New Policy Restricts Medicare Formulary Changes
The Bush administration on Wednesday announced a new policy that requires insurers sponsoring Medicare drug plans to allow enrolled beneficiaries to continue receiving coverage for medications, even if the company drops the drugs from its formulary, the New York Times reports (Pear, New York Times, 4/27).
Under the previous policy, insurers could change formularies as often as they liked, as long as CMS approved the changes. The new policy comes in response to concerns that beneficiaries might select a drug plan because it covers the medications they are taking "only to see their preferred drugs dropped," the Inquirer reports (Sullivan, Philadelphia Inquirer, 4/27).
Some congressional Democrats and Republicans had said that it was not fair to allow drug companies to change their formularies "at will" when beneficiaries are permitted to change plans only once annually, according to the Times.
In a memorandum being sent to insurers, the Bush administration says, "Medicare beneficiaries select Part D plans, in part, based on the formulary that is marketed during annual open enrollment and therefore have a legitimate expectation that they will have continuing access to coverage of the Part D drugs they are using throughout the plan year."
The new policy says, "No beneficiaries will be subject to a discontinuation or reduction in coverage of the drugs they are currently using." It says an insurer can remove a drug from its formulary, increase copayments for a drug or impose new coverage restrictions "only if enrollees currently taking the affected drug are exempt from the formulary change for the remainder of the plan year."
The policy allows some exceptions. For example, an insurer could remove a drug from its formulary if new research shows the drug was unsafe or if a new generic equivalent becomes available, according to the Times (New York Times, 4/27). It is unclear how, if at all, the policy will affect coverage changes in future years, the Philadelphia Inquirer reports.
The policy change comes fewer than three weeks before the May 15 deadline for enrolling in the drug benefit without incurring a financial penalty (Philadelphia Inquirer, 4/27).
CMS Administrator Mark McClellan said, "The stability of drug formularies is extremely important for many of our beneficiaries" (New York Times, 4/27).
CMS spokesperson Peter Ashkenaz said the agency "looked at what would be in the best interest of beneficiaries and that is allowing them to have continued access to drugs" (Philadelphia Inquirer, 4/27).
Karen Ignagni, president and CEO of America's Health Insurance Plans, said AHIP supports the policy, even though "it does not reflect common practice in the private sector." Ignagni said the policy "will have a financial impact" on insurers, but she added that they will "need to balance that with the goal of providing continuity of drug coverage and peace of mind to beneficiaries" (New York Times, 4/27).
Pam Walz, director of the Elderly Law Project at Community Legal Services, said, "This is certainly good news. It'll be a relief to Medicare beneficiaries."
Richard Stefanacci, executive director of the Health Policy Institute at the University of the Sciences, said, "This is probably more of a political move because CMS is gearing up for the final push before the deadline. It's more to say, 'Look what we are doing to safeguard beneficiaries'" (Philadelphia Inquirer, 4/27).
The AP/Long Island Newsday on Thursday examined how some beneficiaries who take medications for cancer or chronic conditions have reached the so-called "doughnut hole" -- the gap in coverage under which beneficiaries are required to pay for 100% of drug costs between $2,250 and $5,100. Beyond $5,100, Medicare will cover 95% of drug costs.
An estimated 6.9 million beneficiaries will experience a gap in coverage at some point in 2006, according to the Kaiser Family Foundation.
McClellan has said that many beneficiaries could avoid the coverage gap by switching from brand-name to generic or other lower-cost medications.
Analysts say most beneficiaries expected to be affected by the coverage gap likely will not reach it until fall (Freking, AP/Long Island Newsday, 4/27).
USA Today on Thursday published two articles examining issues related to the drug benefit. Summaries appear below.

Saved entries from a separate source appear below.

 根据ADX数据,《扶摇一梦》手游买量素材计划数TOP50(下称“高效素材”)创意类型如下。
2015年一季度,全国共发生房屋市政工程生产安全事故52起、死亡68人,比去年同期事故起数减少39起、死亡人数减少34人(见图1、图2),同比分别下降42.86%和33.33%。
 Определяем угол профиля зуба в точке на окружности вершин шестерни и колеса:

- Drug costs: The article examined recent surveys that find that out-of-pocket drug costs have increased under the drug benefit for about one in five beneficiaries. A recent survey by the Kaiser Family Foundation finds that 55% of enrolled beneficiaries are saving money under the drug benefit, but 19% are spending more and another 19% are spending about the same as before the program. A second survey by KRC Research for the Medicare Rx Education Network finds that 59% of enrolled beneficiaries are saving money, while 23% are not. The surveys "confirm what had been predicted about the program ... : There are millions for whom the plan is increasing drug costs" (Wolf, USA Today, 4/27).

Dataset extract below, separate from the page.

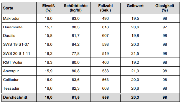| Ausgewählte Qualitätsparameter bei Sommerdurum 2020 nach Sorten | |

- Low-income beneficiaries: The article examined the "people that Medicare's new prescription drug program has hurt, rather than helped." USA Today reports that most beneficiaries have saved money under the drug benefit, "[b]ut for others, perhaps about 20%, the much-heralded program has meant higher costs, and in some cases greater pain and more worry." The problem particularly affects low-income beneficiaries taking multiple medications for chronic conditions, USA Today reports (Wolf/Appleby, USA Today, 4/27).